Friday, June 12, 2009

Anti-democratic forces then and now

Anti-democratic forces then and now

Should we condemn the egging of Nick Griffin, and the disturbances attending the count in Lancashire?  The BNP are, after all, odious little quasi-fascists.  They can have little genuinely to add to the national political debate.  The people opposing them have strongly-held political beliefs, and believe that the BNP must be publicly de-legitimised at every opportunity.  They’re wrong, of course.

The tactic of seeking violently to break up the meetings, press conferences etc of the BNP should be condemned utterly.  This is for two reasons.  The first, as I believe the DK said, is that we should protect the rights of odious fascist thugs, because we are not odious fascist thugs.  That might be considered the argument from principle and is, in itself, sufficient.  There is, however, a further argument from pragmatism.  It is beautifully articulated here, by Lord Elton, an excellent historian and Labour peer, in a letter to the Times in 1936 – the last time Britain was so exercised about the rise of fascists.

Since 1931 I have been present at many meetings held by Conservative, Liberal and Labour National candidates.
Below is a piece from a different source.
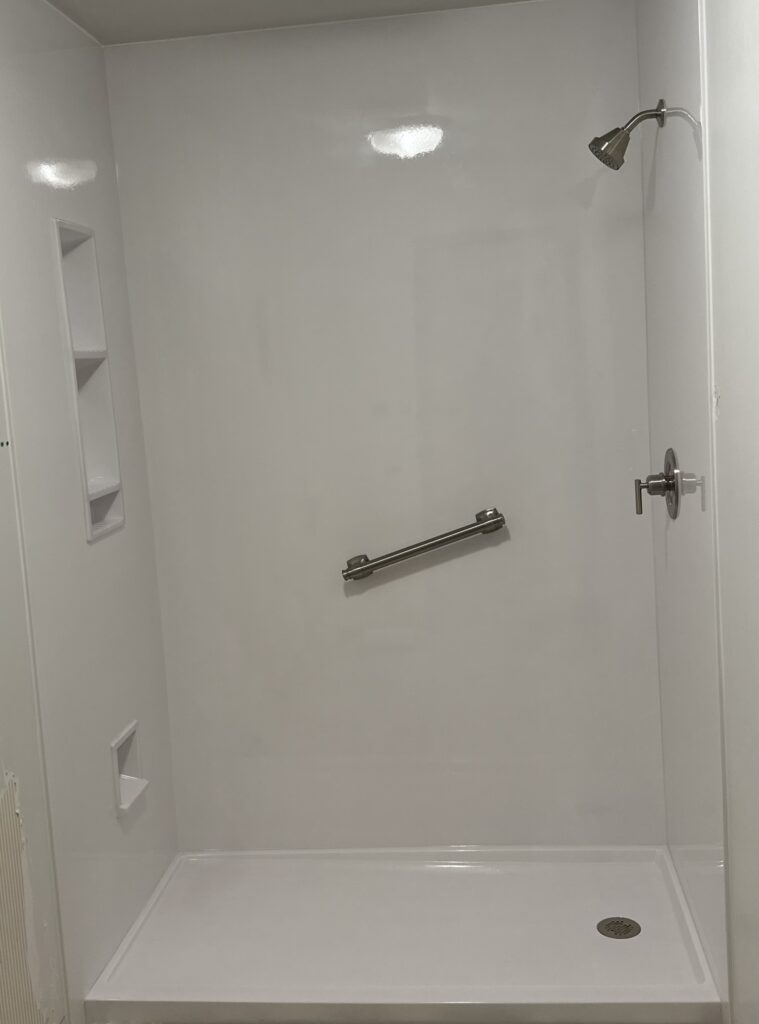 We offer acrylic and Onyx wall panel systems. Both are seamless, grout-free, and designed for easy cleaning. We help you choose during the free consultation.

Nine times out of 10 there has been Labour rowdyism, usually spontaneous, but once or twice deliberately organized ...

The connexion between this Labour hooliganism and the methods of the Fascist stewards is obvious. At most Fascist meetings no six consecutive audible sentences would have been uttered but for the presence of stewards. And once you make Fascist stewards necessary, the provocative language, free fights, and black eyes will follow as a matter of course.

At present the Fascist is, unfortunately, able to boast that he never disturbs an opponent's meeting, and that he is the only person who can make himself heard in many Labour areas.

There seem to be two possible courses. Either there must be police protection for about 60 per cent of non-Labour meetings - which would make democracy ridiculous - or Labour leaders must publicly explain, as none of them has yet had the courage to do, that their over-enthusiastic followers are playing straight into the hands of the bitterest enemies of democracy.

Failing this, we may yet see in England the sort of excesses which disgraced politics, and eventually destroyed democracy, in so many foreign countries.

If you seek to prevent by violent means free expression of noxious ideas, you both grant the ideas, and their articulators, unwarranted legitimacy.  Provide the BNP with as much legitimacy and airtime as their status as a very minor party warrants.  Let any violence at their meetings be driven by themselves alone, and not by a rag-tag of similarly anti-democratic protestors.  If it becomes policy that the police refuse to offer protection to people of whose politics they disapprove, we are taking a large and unwelcome step away from democracy.

Sunlight remains the best disinfectant.  Although the new faces of the BNP have been described as more articulate and better able to express their views than the shaven-headed thugs of the public image, they remain wedded to indefensible views and unsavoury histories.  Get this into the open, make them defend their views in their own words, and stop this mythologizing nonsense that seeks to turn them into an electoral bogeyman and instead risks turning them into some sort of grotesque champion for the disillusioned and voiceless.  Ideally, I’d like to stop talking about the BNP now – they are after all about as electorally relevant as the English Democrats.  But holding up our skirts like a lady in a Victorian farce is not the best way of addressing this problem.